It makes me cry to think of us breaking up because I know it brings hurt…. to him… to my kids… to our friends. I’m not blaming him… it takes two to make a marriage and two to neglect it. Two to let it die, and two to revive it.
Somewhere in our marriage I lost my voice. I stopped dreaming for myself. I stopped asking for what I needed. Perhaps I should have fought harder. Perhaps I should have yelled more, cried more, talked more. Perhaps I should have stood up for me more. Perhaps I should have taken a break more often.
The realisation that this is over has been extremely hard. To be honest it was probably before Christmas I realised. Christmas was bittersweet knowing it would be our last as a family. Our holiday to ‘celebrate’ 25 years of marriage, marred because I was so unhappy. Our first child’s wedding with a sense of sadness knowing this is the only one we would be together for. And the last month, knowing deep in my heart and soul that I can’t go back. I can’t try again. That I no longer want to try. I don’t have the capacity to try.

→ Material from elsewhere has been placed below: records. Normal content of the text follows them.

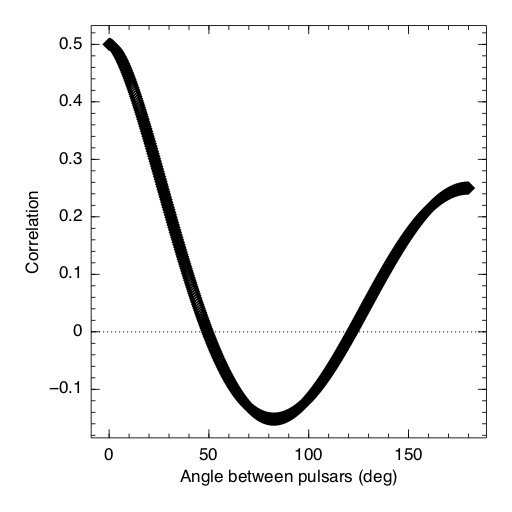 The Hellings-and-Downs curve - the predicted correlation between pulsars separated by a given angle in the presence of a gravitational wave background signal
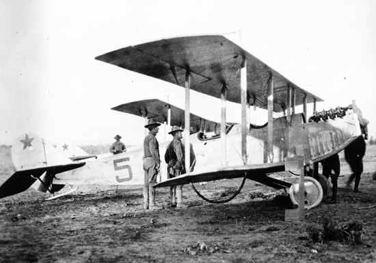 Curtiss JN-3 of the U.S. Army Signal Corps during the Pancho Villa puntive expedition (1915) - note red star insignia
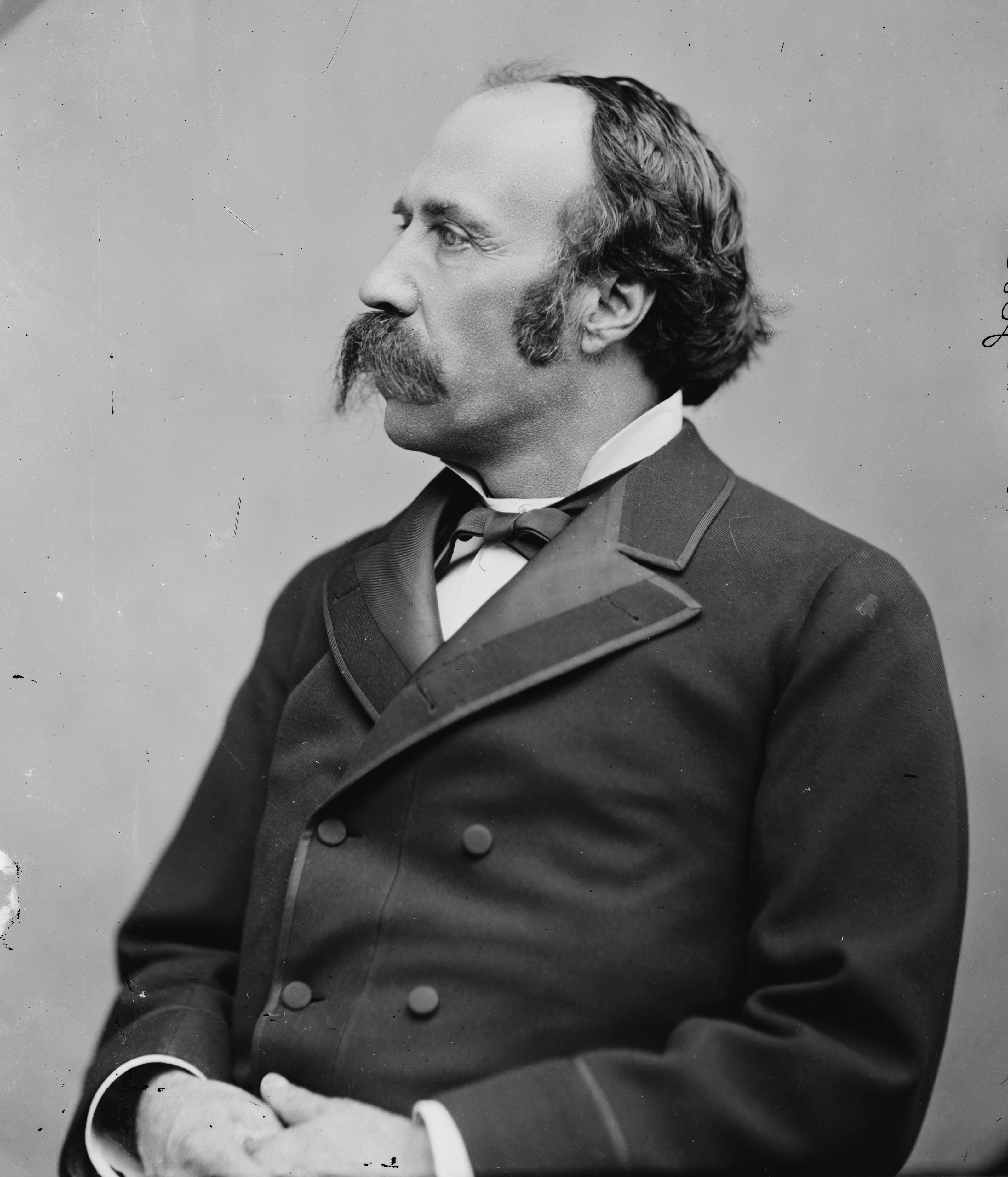 Horace Austin Warner Tabor. Library of Congress description: "Tabor, Hon. of Colorado (Senator)".

It’s very scary. Knowing I have to be prepared to be alone for the rest of my life. Knowing my future holds no promises. Knowing there will loss of dreams, of family, of finances. The guilt weighs on me every day. The idea I ‘could’ or I ‘should’…. yet knowing I can’t. Not this time. Not anymore.
Will I have regrets? I’m sure there will be some. Will I wonder if this time it might have worked? Perhaps. But I wouldn’t be being true to myself if I stay. I wouldn’t give it an honest try because my heart is empty and my hope is gone. I wish it could be different, but wishing doesn’t change anything. Wishing doesn’t change patterns, doesn’t change behaviours (mine and his). Wishing doesn’t wipe out hurts, or stop more from happening, it doesn’t make it right and it certainly doesn’t make it happy. Wishing is just that – a longing, a dream, a hope…. but when hope is gone, there is only silence.
So when did ‘I do’ become ‘I don’t’? It was when hope died.